TRY IT
Below is a listing; retype exactly the lines between the one containing "solaire. 210 |" and the one containing "The Thunderbrook Organic", inclusive, minus the pictures.

RECORDS TO PROCESS
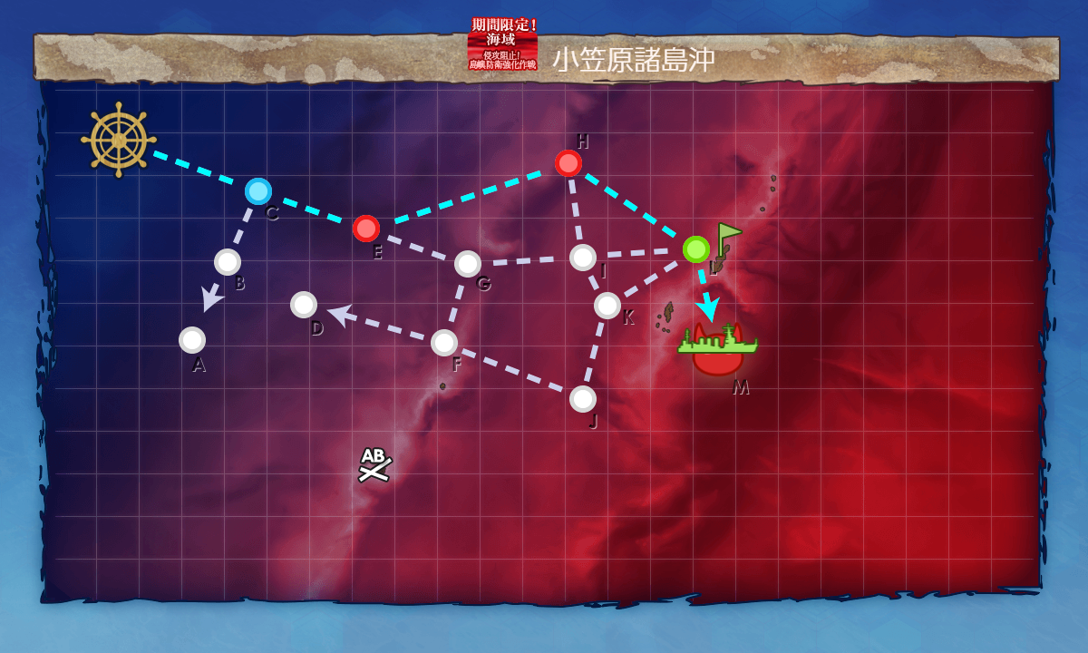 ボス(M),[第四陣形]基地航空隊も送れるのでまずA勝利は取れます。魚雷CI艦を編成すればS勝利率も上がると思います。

* * *

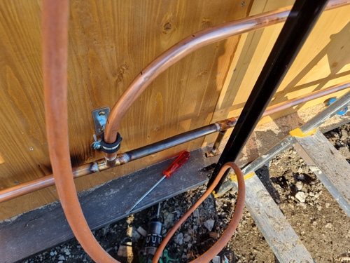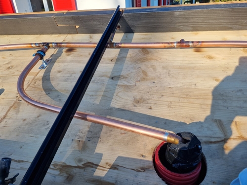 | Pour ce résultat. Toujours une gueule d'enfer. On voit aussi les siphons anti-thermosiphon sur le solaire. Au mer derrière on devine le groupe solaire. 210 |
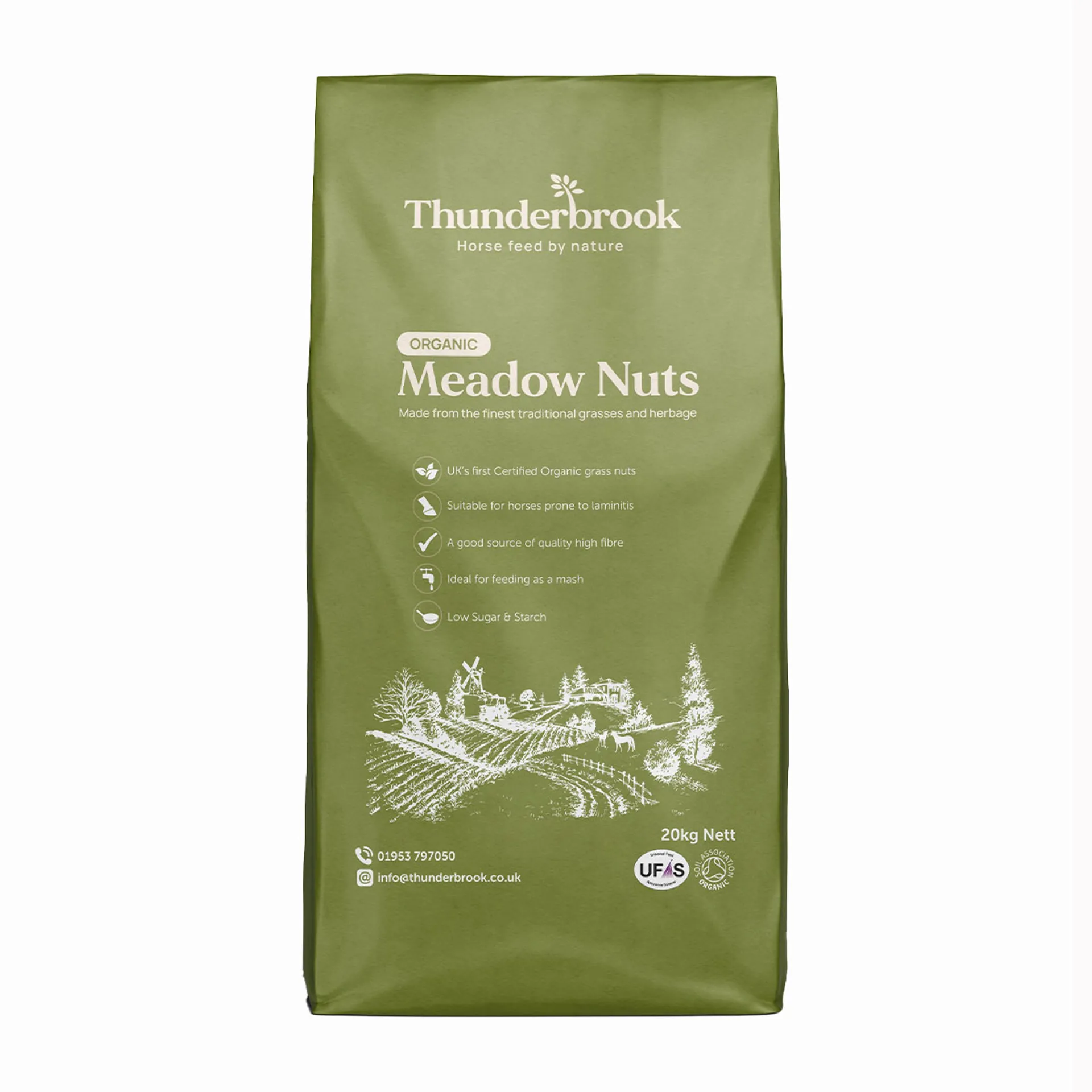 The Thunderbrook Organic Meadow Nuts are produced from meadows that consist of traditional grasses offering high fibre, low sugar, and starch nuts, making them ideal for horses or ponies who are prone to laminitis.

* * *

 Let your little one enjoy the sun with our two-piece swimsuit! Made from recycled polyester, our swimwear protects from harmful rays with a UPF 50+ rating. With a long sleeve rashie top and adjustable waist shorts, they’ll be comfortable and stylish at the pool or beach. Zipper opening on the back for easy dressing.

RESPONSE TO THE TASK
 | Pour ce résultat. Toujours une gueule d'enfer. On voit aussi les siphons anti-thermosiphon sur le solaire. Au mer derrière on devine le groupe solaire. 210 |
 The Thunderbrook Organic Meadow Nuts are produced from meadows that consist of traditional grasses offering high fibre, low sugar, and starch nuts, making them ideal for horses or ponies who are prone to laminitis.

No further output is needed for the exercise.